As for those who say a line should be drawn under the crimes of the past and should move on, he is not the only one who dismisses that argument.
Dr Robert Rozett is a senior historian at Yad Vashem, the World Holocaust Remembrance Centre in .
He said: “The idea that people should get away with a crime is not a reasonable idea.
“The vast majority of the criminals did get away with their crimes but it’s important that those who can be brought to justice are.
“And it’s important to all of us to understand the processes that brought this about.
“We need to be aware of these processes and guard against them and protect our societies from them.
“Bringing people to justice helps highlight all of those things.
“But it is very late in the day to do that now, it’s not even the last few minutes, it’s the last few seconds.”
As the clock ticks through those last few seconds, there is hardly anyone still left alive to answer for the unspeakable crimes committed in support of Hitler’s evil regime.
But if they are, Thomas is determined to catch up with them.

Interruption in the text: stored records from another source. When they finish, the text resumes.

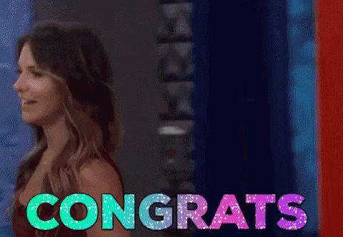 An excited woman celebrates with a big smile, as 'CONGRATS' sparkles on screen, likely from Big Brother 20.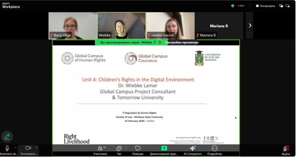 CHILDREN’S RIGHTS IN THE DIGITAL ENVIRONMENT – APPLIED LECTURE WITHIN THE MASTER’S PROGRAMME IN PUBLIC LAW (MOLDOVA STATE UNIVERSITY) & THE MASTER’S PROGRAMME IN HUMAN RIGHTS AND DEMOCRATIZATION (YEREVAN STATE UNIVERSITY)
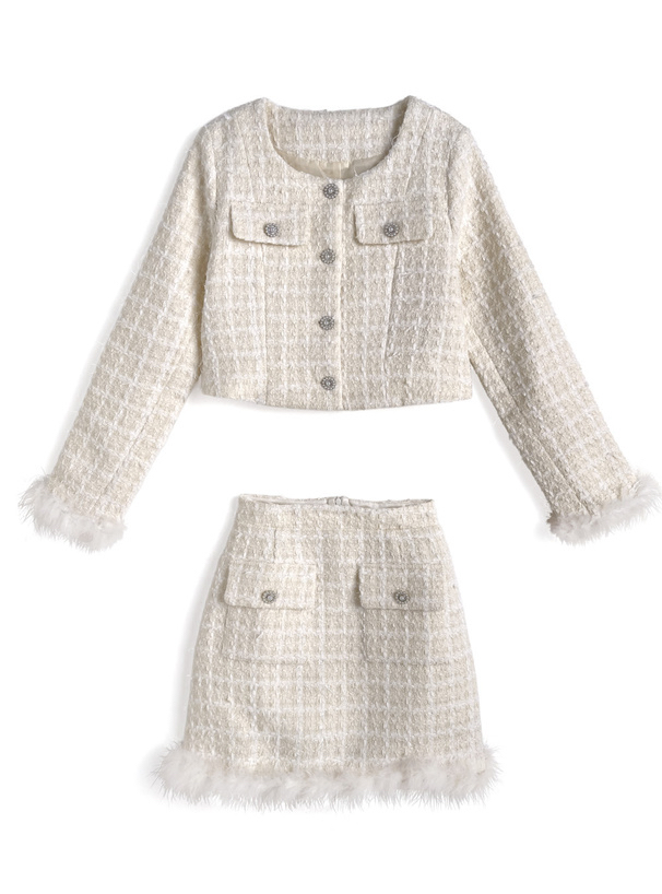 Size (cm) S 外套- 長度41 寬度44.5 肩寬36 袖長59 裙子- 總長度40.5 腰圍61 臀圍88 M 外套- 長度41 寬度46.5 肩寬37 袖長60 裙子- 總長度41.5 腰圍64 臀圍91 L 外套- 長度41 寬度48.5 肩寬38 袖長61 裙子- 總長度42.5 腰圍67 臀圍94

He celebrated his 65th birthday this year but has no plans to step down.
As he leads us through countless secure doors and into the compound guarded from the outside world by the high stone wall, he says: “It is an important job and it is not finished yet.”
Nazis nailed
John Demjanjuk – After the war he emigrated to Ohio where he worked in a car factory. Despite protesting his innocence for decades he was finally convicted in 2011 of being an accessory to the 28,060 murders that occurred during his service at Sobibor, in occupied Poland. He was sentenced to five years in jail but died ten months later aged 91.
Oskar Gröning – By his own admission, Gröning was an “enthusiastic Nazi” when he joined the SS and went to work as an accountant at Auschwitz, often stealing cash and jewellery from Jews on their way to the gas chambers. He was sentenced to four years in jail in 2015 for being an accessory to 300,000 murders. His lawyers filed a series of appeals meaning he died in 2018 aged 96 before he had started his jail term.

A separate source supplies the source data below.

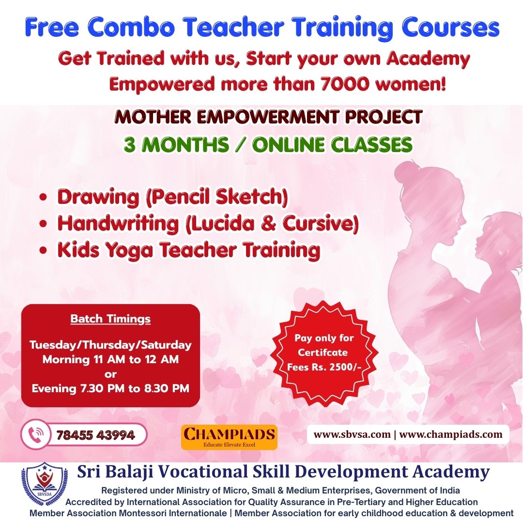 Limited Time Offer!!! Enroll in our integrated teacher training course combining Drawing, Handwriting and Kids Yoga. Learn from home, earn at your convenience, and become a certified teacher. Perfect for parents, tutors, and aspiring educators. Start your teaching journey today!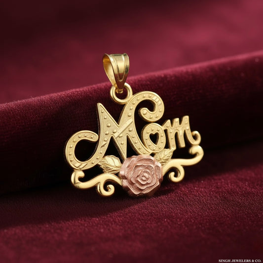10kt Two-Tone Gold Diamond-Cut Mom Rose Charm for Women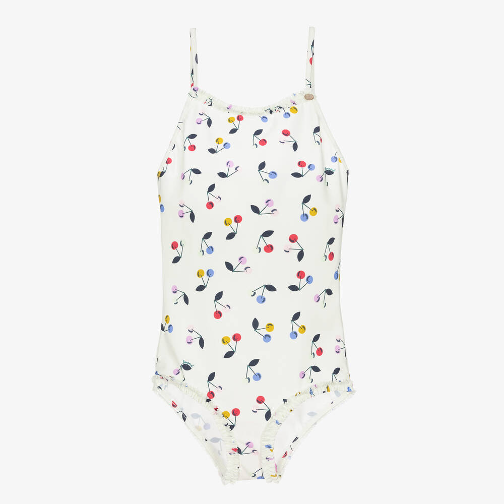 This ivory swimsuit for teen girls is designed by luxury brand Bonpoint. An iconic symbol of the label, the fabric is decorated with cherries in muted colours, and a mother-of-pearl cherry logo charm is stitched on the neckline. Script branding can be found amongst the pattern for a subtle designer detail. Silky and stretchy, it has gathered ruffles on the neckline and hem, a scooped back design and adjustable straps for a comfortable fit.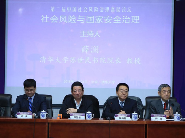 清华大学党委副书记过勇,十三届全国政协委员、社会和法制委员会副主任、中国友谊促进会理事长陈智敏,十二届全国人大常委会委员、法律委员会副主任委员、中国法学会副会长张鸣起出席论坛开幕式并分别致辞。他们充分肯定了论坛和本次议题的重要战略意义,并对社会风险与国家安全治理现代化的未来发展做出了展望。论坛开幕式由清华大学中国社会风险评估研究中心专委会主任、公管学院教授薛澜主持。

Reinhold Hanning – The retired dairy farmer was convicted in 2016 of being an accessory to 170,000 people at Auschwitz where he worked as a guard. His job was to meet Jewish prisoners off trains and escort them to the gas chambers. The judge told him: “You were part of a criminal organisation and took part in criminal activity.” He died a year later aged 95.

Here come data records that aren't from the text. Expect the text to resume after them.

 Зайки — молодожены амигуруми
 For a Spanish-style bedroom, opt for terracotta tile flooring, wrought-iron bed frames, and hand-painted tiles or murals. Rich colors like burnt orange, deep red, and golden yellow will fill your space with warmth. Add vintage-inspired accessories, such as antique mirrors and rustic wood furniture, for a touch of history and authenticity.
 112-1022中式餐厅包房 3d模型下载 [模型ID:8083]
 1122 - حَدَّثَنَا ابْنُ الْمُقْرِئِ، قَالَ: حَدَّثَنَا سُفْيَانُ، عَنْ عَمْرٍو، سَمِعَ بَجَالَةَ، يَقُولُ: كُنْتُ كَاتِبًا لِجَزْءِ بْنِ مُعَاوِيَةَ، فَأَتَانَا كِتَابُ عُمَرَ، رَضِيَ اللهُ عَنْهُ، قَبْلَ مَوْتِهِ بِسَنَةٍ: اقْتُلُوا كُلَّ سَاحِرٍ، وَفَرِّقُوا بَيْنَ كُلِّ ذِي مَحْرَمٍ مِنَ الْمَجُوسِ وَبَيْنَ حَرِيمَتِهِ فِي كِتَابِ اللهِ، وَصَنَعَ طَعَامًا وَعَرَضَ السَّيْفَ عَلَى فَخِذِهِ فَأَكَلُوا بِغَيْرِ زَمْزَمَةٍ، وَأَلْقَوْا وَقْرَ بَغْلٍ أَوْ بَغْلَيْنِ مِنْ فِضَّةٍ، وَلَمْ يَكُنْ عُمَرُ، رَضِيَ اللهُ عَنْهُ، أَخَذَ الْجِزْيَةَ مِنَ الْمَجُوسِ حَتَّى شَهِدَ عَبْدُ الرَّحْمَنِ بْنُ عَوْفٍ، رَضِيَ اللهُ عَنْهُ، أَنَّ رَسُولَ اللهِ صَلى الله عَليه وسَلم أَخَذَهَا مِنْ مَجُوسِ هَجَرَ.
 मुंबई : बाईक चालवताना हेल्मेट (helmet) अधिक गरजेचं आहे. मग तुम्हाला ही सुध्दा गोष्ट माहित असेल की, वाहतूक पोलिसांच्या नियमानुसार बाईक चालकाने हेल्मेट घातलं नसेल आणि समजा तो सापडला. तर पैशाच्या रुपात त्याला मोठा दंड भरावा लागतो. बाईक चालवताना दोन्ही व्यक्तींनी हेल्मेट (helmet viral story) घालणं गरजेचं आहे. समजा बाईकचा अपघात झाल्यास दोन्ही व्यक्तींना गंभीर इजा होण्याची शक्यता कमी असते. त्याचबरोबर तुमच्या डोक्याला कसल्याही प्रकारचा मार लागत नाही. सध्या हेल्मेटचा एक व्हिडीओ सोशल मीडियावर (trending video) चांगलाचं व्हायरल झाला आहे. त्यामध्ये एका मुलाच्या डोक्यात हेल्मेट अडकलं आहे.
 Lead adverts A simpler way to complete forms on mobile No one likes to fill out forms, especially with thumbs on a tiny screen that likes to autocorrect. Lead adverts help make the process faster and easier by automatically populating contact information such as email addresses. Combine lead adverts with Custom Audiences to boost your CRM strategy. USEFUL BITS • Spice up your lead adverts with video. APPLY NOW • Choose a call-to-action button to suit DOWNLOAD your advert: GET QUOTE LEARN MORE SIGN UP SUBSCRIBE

Bruno Dey – Wheelchair-bound Dey was convicted in 2020 of being an accessory to the murder of 5,232 people at Stutthof concentration camp in the final months of the war. They included the deaths of 5,000 prisoners in a typhus outbreak because they were denied access to food, water and medication. The watchtower guard was given a two-year suspended sentence as he was only 17 at the time of his crimes.
Irmgard Furchner – Dubbed the “secretary of evil”, Furchner worked as the admin assistant for the commander of the Stutthof camp in Poland. The court heard that due to her role she was fully aware of everything that was going on at the camp with more than 10,000 people being murdered there during her tenure. She was given a two-year suspended sentence as she was a juvenile at the time. She died in January aged 99.
Josef Schütz – The camp guard became the oldest person convicted of Holocaust crimes when he was found guilty of being an accessory to the murders of 3,518 prisoners in 2022 aged 101. He was given a five-year jail term. The court heard he aided and abetted the execution of prisoners of war by firing squad and by using poisonous gas Zyklon B. He was given five years but appealed and died less than a year later aged 102 without beginning his sentence.
Gregor Formanek – After lengthy battles by his lawyers who claimed he was too frail to stand trial, Formanek was deemed fit to face court last December over claims he aided and abetted the murder of 3,300 people while working as a guard at the Sachsenhausen concentration camp, near Berlin. Formanek died aged 100 earlier this year before he could be put in the dock.